Почему, ну почему никогда не считалось это главным - любовь, брак, даже семья? Теперь-то я понимаю, что это и есть жизнь! Особый, теплый мир, никакой другой его не заменит. У нас же главным всегда было (и остается!) то, что происходит не с тобой, а вокруг - в стране и шире - в мире, который мы до смешного, до слез не знаем, потому что сидим в клетке. Как тяжко понимать все это! Невыносимо признаться, что собственная твоя жизнь, движения твоей души, жизнь твоего тела даже для самой тебя были делом второстепенным. А ведь писали вроде и книжки о ней, о любви, но тоже на каком-то детском, неразвитом уровне. Оставалась, правда, великая, необъятная классика, так ведь это было как бы и не про нас, "тургеневских барышень" мы чуть ли не презирали.

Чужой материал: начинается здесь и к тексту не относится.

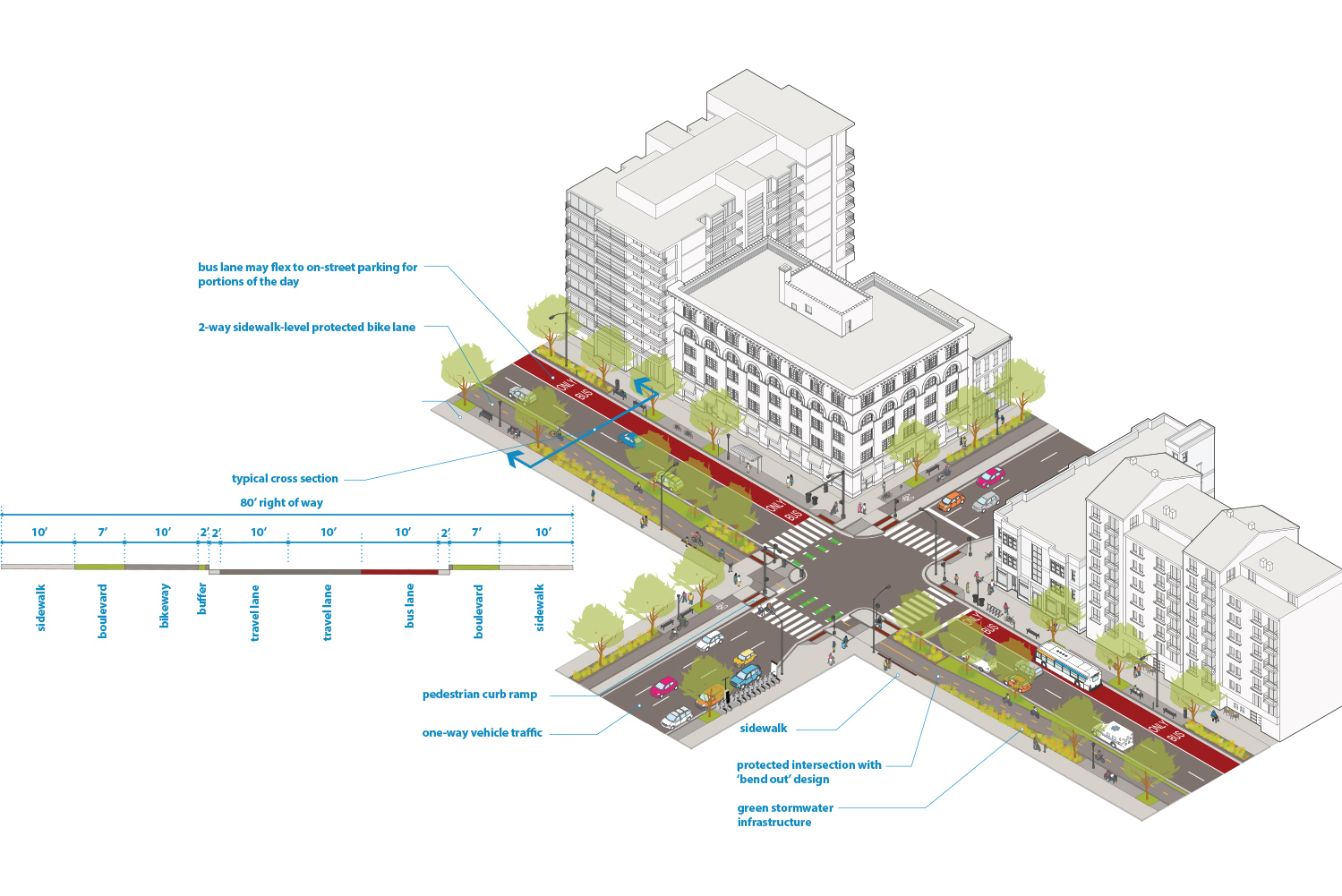 One-way Downtown Core street with bus-only lane and two-way protected bike lane (80’ effective right of way)

И вот теперь, когда мне за сорок, я, застыв от тоски, всматриваюсь в себя: что со мной сделали, где моя душа, как прошла моя жизнь? Я-то была уверена, что независима, все понимаю, а газеты - пусть себе пишут, радио пусть долдонит! Эти бредни не для меня, они для других, тех, что проще, наивнее, глупее! Но потихоньку-полегоньку меня, оказывается, еще как обработали и много чего отняли. Я и сейчас - как бы это сказать? - не в меру политизированна. Думаю о себе и своих делах, а выходит, что обо всем обманутом поколении (трех поколениях!). И опять - в который раз! - мною манипулируют: что ни журнал - пытки, лагеря, наши безвинные мученики. И я ужасаюсь, пропадаю от чувства вины, но как приговоренная, как наказанная читаю всю жизнь про одно и то же: войны, пытки, расстрелы. Персонажи только меняются: вчерашние враги - сегодня герои, вчерашние патриоты - садисты и уголовники. А суть одна: снова и снова уводят нас от нашей единственной, пролетающей как сон жизни, упорно (и успешно!) тянут в прошлое, прошлое, прошлое! Все, что угодно, только не думайте о себе, не копайтесь в собственной жизни, не пытайтесь понять, возмутиться: за что нам все это? Впрочем, я, кажется, повторяюсь, потому что без конца об этом думаю, прямо какая-то мания.